Likewise, university collaborations, at least in the hard sciences, however beneficial they might ultimately be for global knowledge and understanding, should probably be seen as too much of a one way street.

As Australia has found, the Beijing government sees trade as a strategic weapon to be turned on and off like a tap, to reward friends and to punish foes. In my judgment, it should be every business’s concern to minimise the critical place that Chinese intermediate goods might have in our supply chains, lest they be denied just when they’re most needed.

That’s not to deny that, by and large, a business should do what minimises its costs and maximises its quality and its returns to shareholders – but this might be one of those instances where the long-term national interest does not coincide with short-term economic interests, and where character is demanded of our business leaders, more than just commercial savvy.

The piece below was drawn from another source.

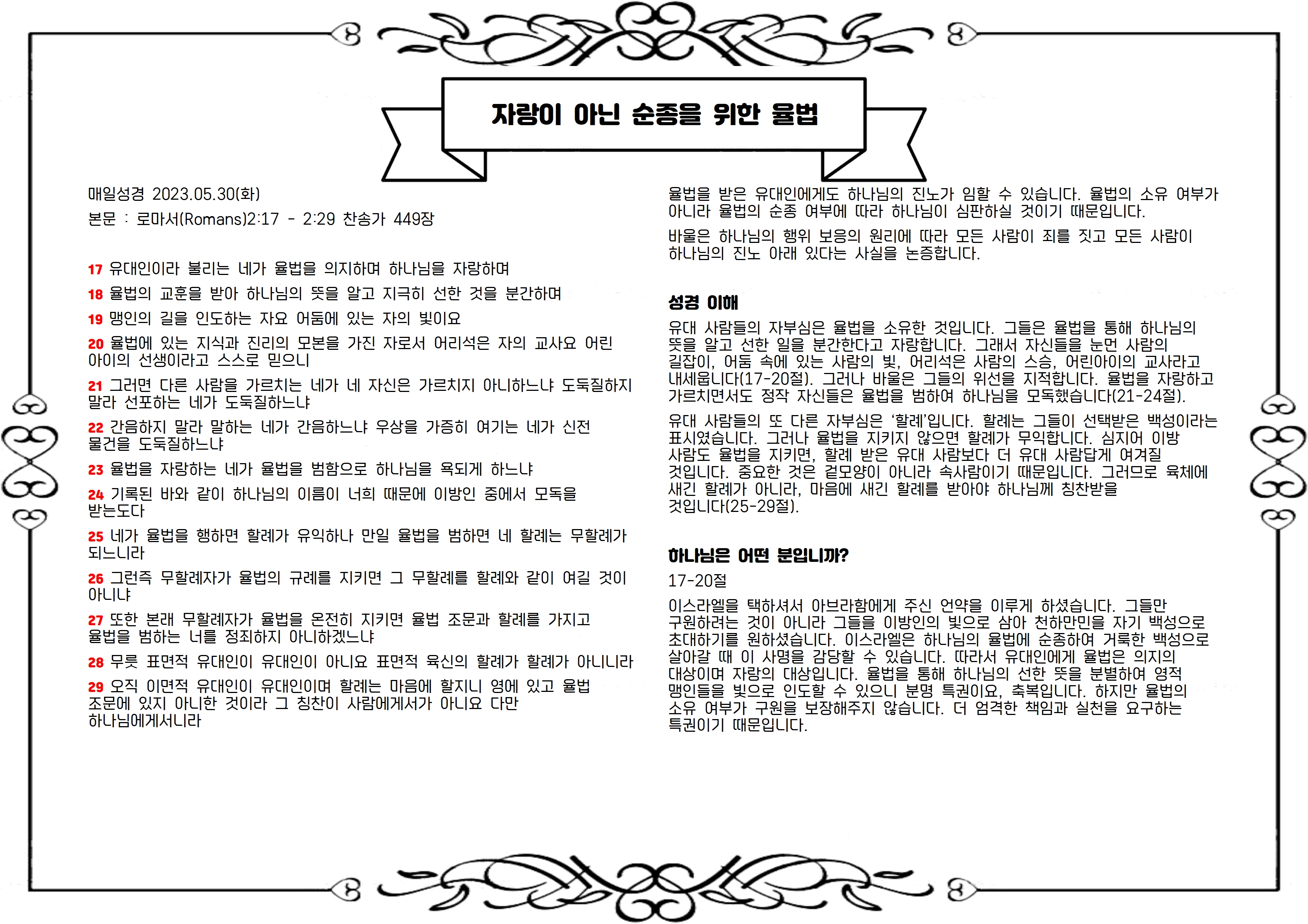 유대 사람들은 율법을 자랑하면서도 율법을 지키지 않았고, 하나님 백성이라는 자부심이 있었으나 하나님을 욕되게 했습니다. 바울은 소유가 아니라 순종이, 겉모양이 아니라 속마음이 중요하다고 역설합니다. 바울의 책망은 그리스도인들이 귀담아들을 말씀입니다. 말씀의 사람, 하나님의 자녀라는 확신과 자랑도 그에 걸맞은 행위가 없으면 무익합니다.

In my judgment, post-this-disruption, countries should be conducting a kind of national audit of what’s needed to maintain a reasonable life in an emergency: what they need to be able to do for themselves, or should stockpile; what they’re happy to trust close allies to provide; and what they’re happy to obtain from the wider world because swift supply is not critical.

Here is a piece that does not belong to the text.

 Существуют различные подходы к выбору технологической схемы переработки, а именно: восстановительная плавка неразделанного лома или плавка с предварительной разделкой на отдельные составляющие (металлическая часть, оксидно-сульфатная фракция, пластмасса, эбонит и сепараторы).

Rather than tariffs, in Australia’s case, this could mean using government purchasing to ensure that we keep a sufficiently sophisticated manufacturing base to produce essential goods at need, such as the masks, hand sanitiser and ventilators that were suddenly in critical shortage at the start of the pandemic.

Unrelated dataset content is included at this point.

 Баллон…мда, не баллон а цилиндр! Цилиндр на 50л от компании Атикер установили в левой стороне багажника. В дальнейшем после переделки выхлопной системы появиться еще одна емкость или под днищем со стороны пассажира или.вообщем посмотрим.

I’m not advocating a retreat from freer trade, just the importance of distinguishing between countries that really are open for business and those where business is more politics-by-other-means.

Trade deals, after all, aren’t just about the cost and the quantity of the goods exchanged; they’re pledges of economic trust and partnership. I can’t imagine that China and Australia, for instance, would contemplate concluding a trade deal today, notwithstanding that the deal my government did back in 2014 produced a big increase in their exports to us and an even bigger increase in our exports to them, because it’s hard to trust a country that uses spurious pretexts to block our exports to punish policy positions it doesn’t like.

On the other hand, Australia and Britain have just concluded a high quality trade deal that will eventually eliminate all the old EU-driven tariffs and quotas, despite anxieties about animal welfare, for instance, and climate change – because both countries accept that each other’s attitudes are essentially comparable and that these can be trusted to drive policy.

Both Britain and Australia are eager to conclude trade deals with India, despite some different standards, because India is a democracy under the rule of law, with a well developed civil society at arm’s length from government. It helps that India is the world’s emerging democratic superpower with the potential to substitute for China in many supply chains.

While no western country would weaponise trade, there are strategic overtones.

When President Obama first announced America’s “tilt” to the Indo-Pacific, its economic arm was the proposed Trans-Pacific Partnership. The idea was that a new free trade grouping among Pacific-rim countries committed to a rules-based global order would supplement a stronger US alliance commitment to the western Pacific. Regrettably, both sides of US politics subsequently retreated from this, because too many American voters worried that freer trade had mostly just shifted US factories to China.

It could be that Britain’s application to join the TPP, that Japan and Australia strongly support, becomes the catalyst for the US to reconsider. A TPP that became a global economic partnership would be an important sign of democracies’ willingness to work together at a time of increasing global tension.

Trade means prosperity. Freer trade means more prosperity. And freer trade between like-minded countries will strengthen them in the face of whatever challenges might come. As global citizens we should want all countries to succeed; but as supporters of democracy and the rule of law, it might sometimes be best to preference those who share our values.